I'm reading Ross's A First Course in Probability Theory.
In an example it states that: Independent trials consisting of the flipping of a coin having probability p of coming
up heads are continually performed until either a head occurs or a total of n flips is
made. If we let X denote the number of times the coin is flipped, then X is a random
variable taking on one of the values 1, 2, 3, . . . , n with respective probabilities.
Given the example: $P\{X=2\} = P\{(T,H)\} = (1-p)p$
I figured that for if X = n, then $P\{X=n\} = (1-p)^{n-1} p$ since, if the coin was flipped n times, then it failed to come out 'heads' $n-1$ times, thus the $(1-p)^{n-1}$ and succeeds once with probability $p$ (only once, always, since we stop flipping the coin once the outcome is 'head'), thus the times $p$ at the end. The book appears to agree with this because of the given example:$P\{X = 3\} = P\{(T, T,H)\} = (1 − p)^2p$, and similarly with X = 2.

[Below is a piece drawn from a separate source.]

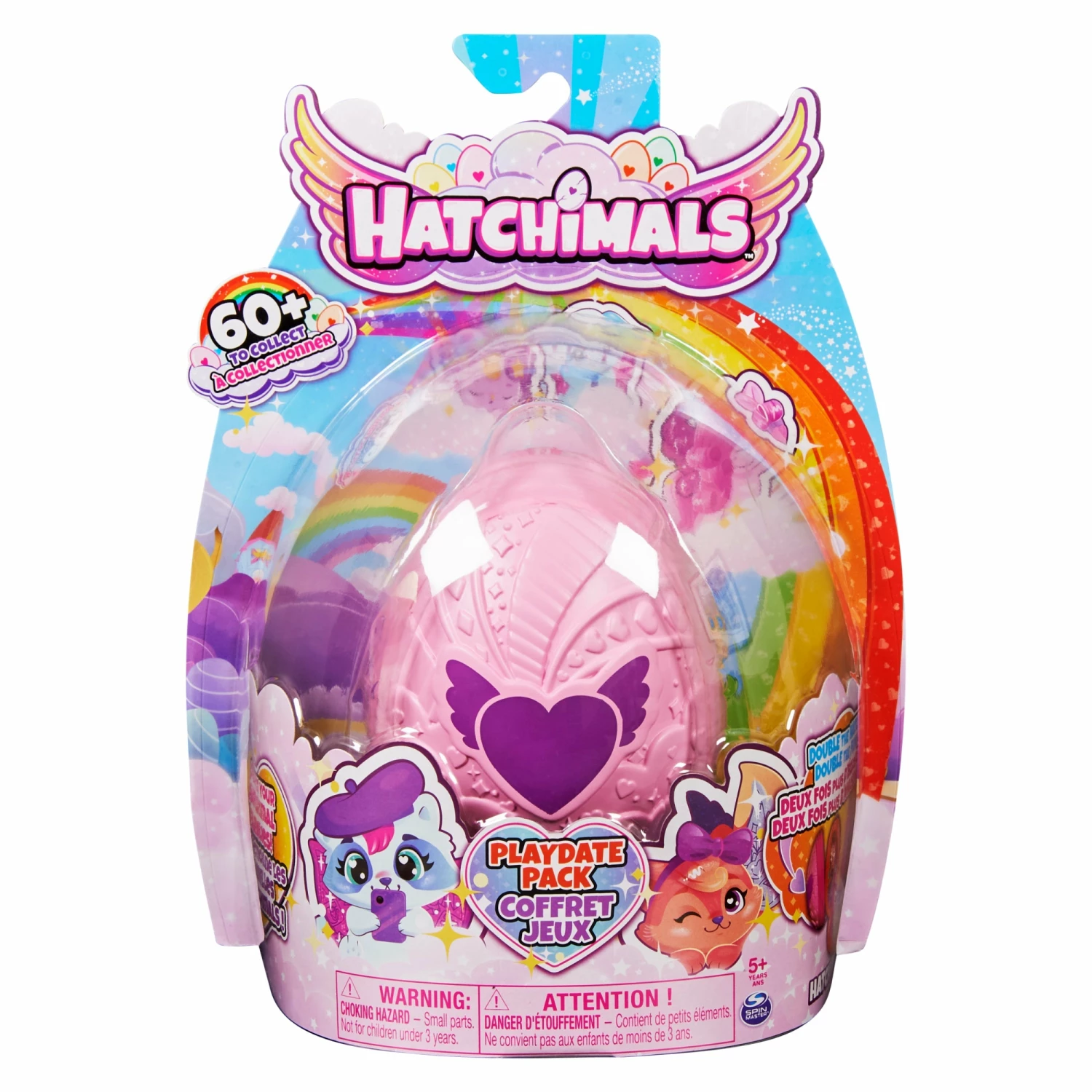 Every Playdate Pack features an egg with a unique double-sided hatch, three Little Kids, one Baby and two accessories. These packs are the only place youll find Hatchimals from different families! After discovering your characters, the egg transforms into a 2-story play area for your playdate.

But at the end of the example, the book has: $P\{X = n\} = P\{(T, T,.. . , T,T), (T, T,.. . , T,
H)\} = (1 − p)^{n−1}$. Not $P\{X = n\} = P\{(T, T,.. . , T,
H)\} = (1 − p)^{n−1}*p$ as I expected, for the one time that it does succeed. Are those two expressions equivalent, the book mistaken, or am I not thinking clearly?
Thanks!
Best Answer
Community wiki answer so the question can be marked as answered:
As remarked by carmichael561, the example states that the experiment is stopped after $n$ flips if no head has occurred. This accounts for the discrepancy between your answer and the book's answer.